#### What you will do:
The lines wanted are those in the data below that include "groupe".

#### Data to use:

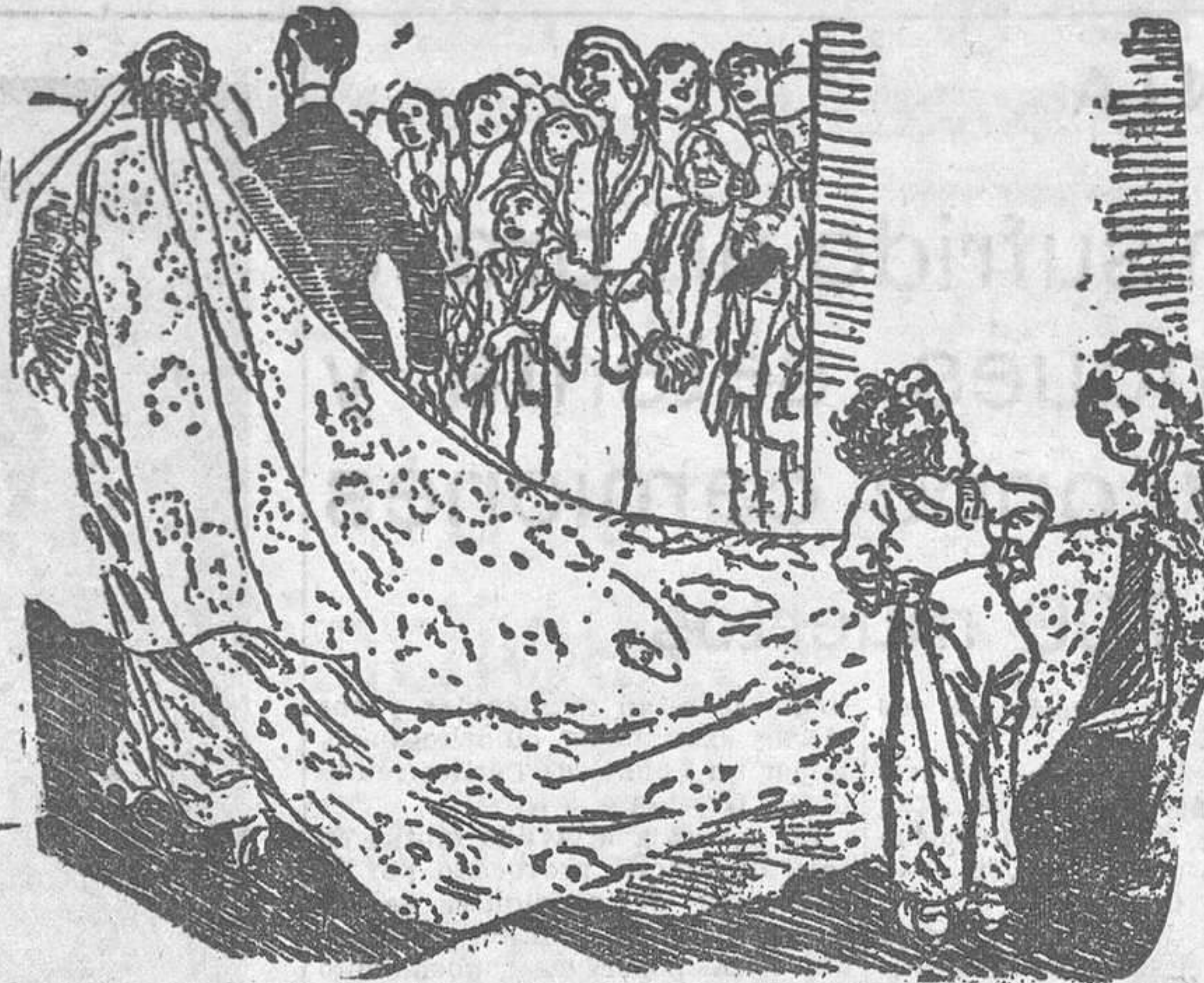
¿No sabes que tu obligación es sostener la cola de la novia? ¿Y quién me sostiene a mí el pantalón? (De «London Opinion», Londres.)
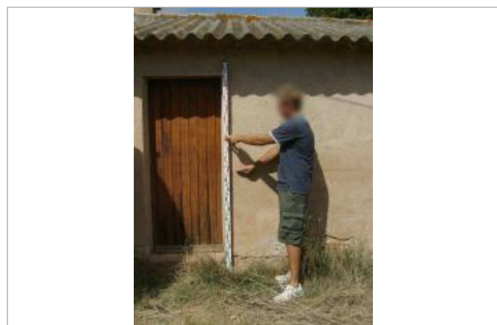
Vue rapprochée - Auteur : EGIS Eau
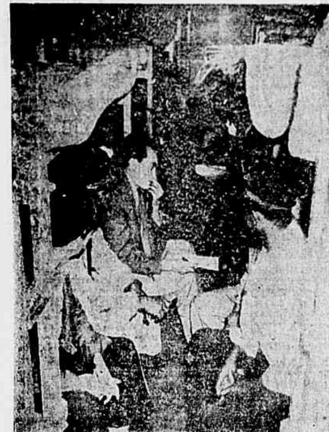
Nas horas de folga os trabalhadores discutem e analisam o importante documento que é o discurso de Prestes

NAS OFICINAS DA LEOPOLDINA, MAQUINISTAS, FOGUISTAS, MECANICOS, TORNEIROS E CONDUTORES FALAM A «TRIBUNA POPULAR» — AS PALAVRAS DO GRANDE LIDER DO POVO ANALISADAS E DISCUTIDAS PELOS TRABALHADORES, EM SUAS HORAS DE FOLGA — APLAUSOS A PROPOSTA DE UNIAO NACIONAL
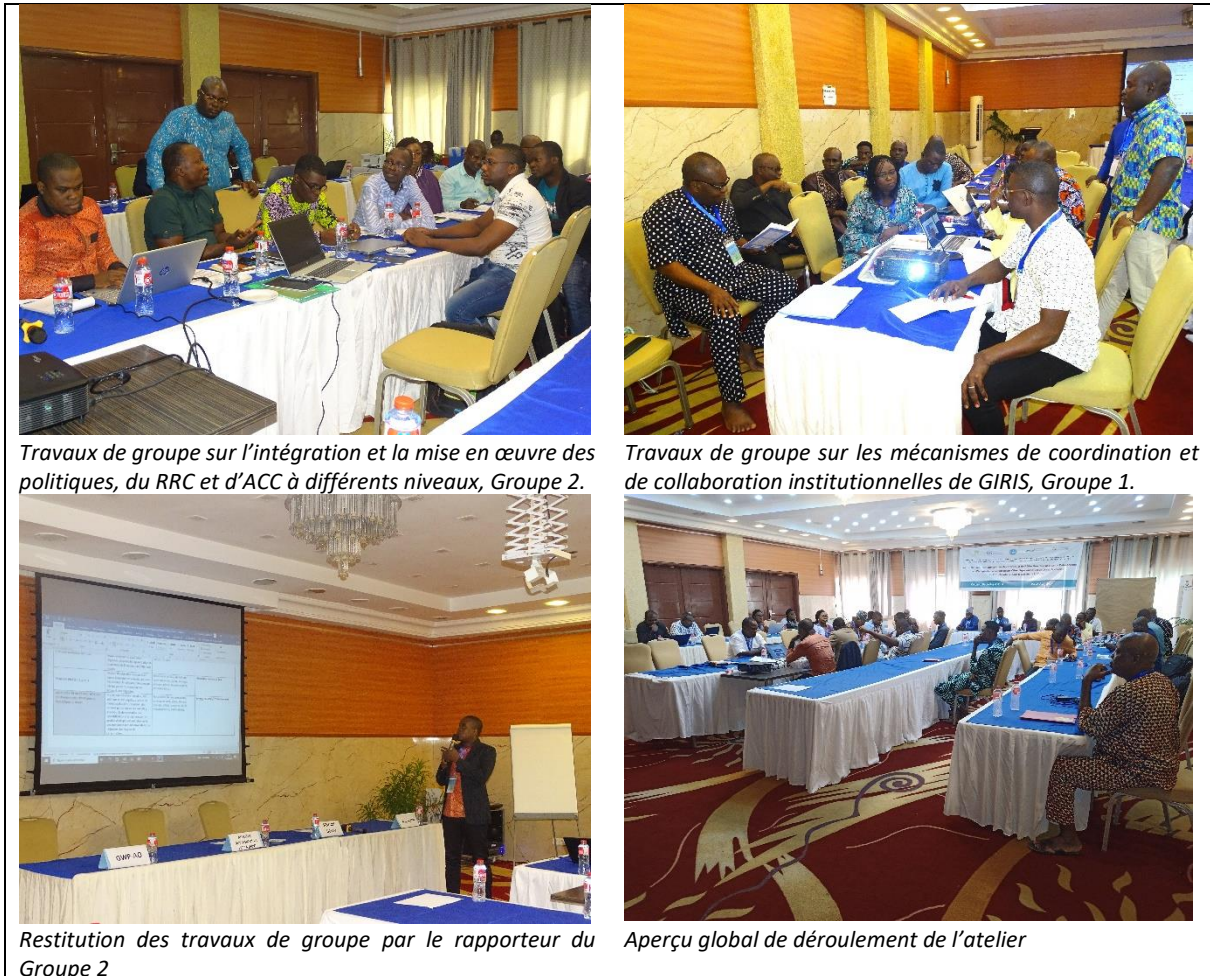
Travaux de groupe sur l'intégration et la mise en œuvre des politiques, du RRC et d'ACC à différents niveaux, Groupe 2.

Au nombre des techniques d'animation de l'atelier figurent entre autres le brainstorming, le partage des expériences des participant(e)s, les intermèdes d'animation pour casser la monotonie et retenir l'attention des participants, les exposés/débats, les travaux de groupe et la restitution en plénière. Pour chaque travail de groupe, les participant(e)s ont reçu la documentation numérique et /ou en version papier. L'atelier national s'est déroulé en français puisqu'il a réuni des agents techniques instruits ainsi que les élus locaux du bassin de la Volta au Bénin. Les photos ci-dessous montrent l'ambiance de déroulement de l'atelier.
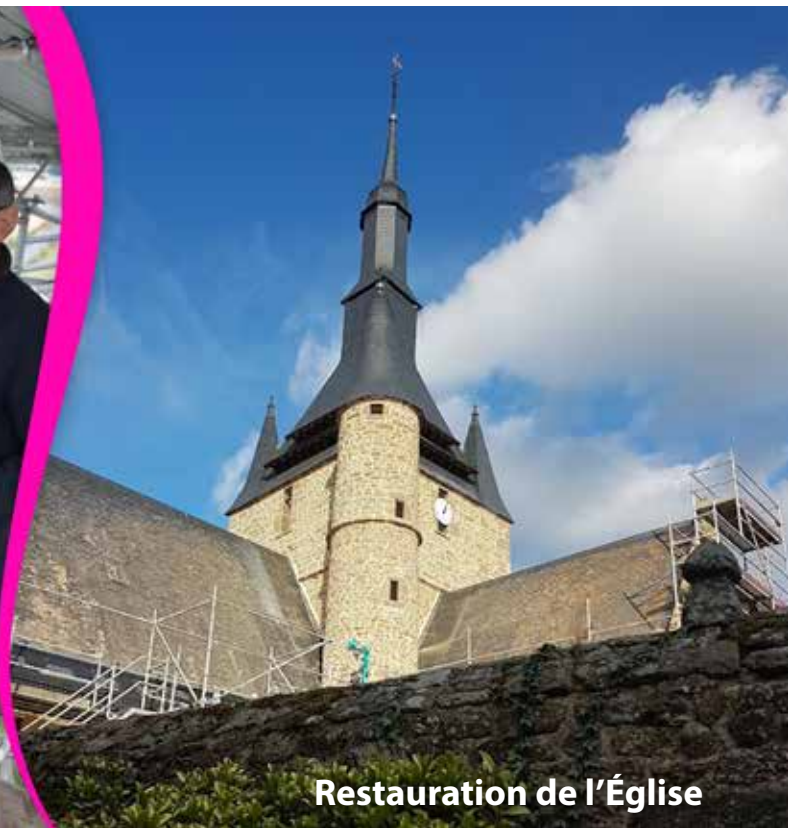
Restauration de l'Église
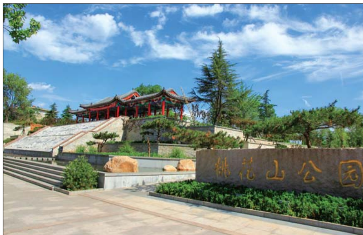
桃花山新貌
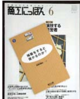
私の記事を無料で差し上げます
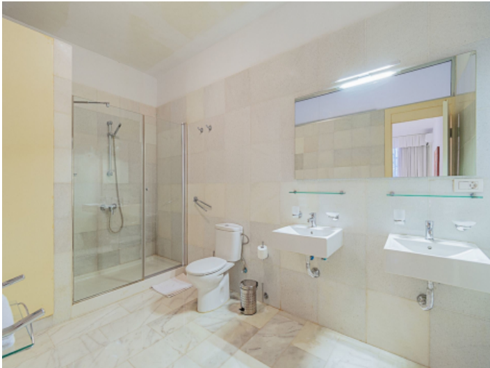
Eins von 5 Badezimmern

#### Result of this exercise:
Travaux de groupe sur l'intégration et la mise en œuvre des politiques, du RRC et d'ACC à différents niveaux, Groupe 2.
Au nombre des techniques d'animation de l'atelier figurent entre autres le brainstorming, le partage des expériences des participant(e)s, les intermèdes d'animation pour casser la monotonie et retenir l'attention des participants, les exposés/débats, les travaux de groupe et la restitution en plénière. Pour chaque travail de groupe, les participant(e)s ont reçu la documentation numérique et /ou en version papier. L'atelier national s'est déroulé en français puisqu'il a réuni des agents techniques instruits ainsi que les élus locaux du bassin de la Volta au Bénin. Les photos ci-dessous montrent l'ambiance de déroulement de l'atelier.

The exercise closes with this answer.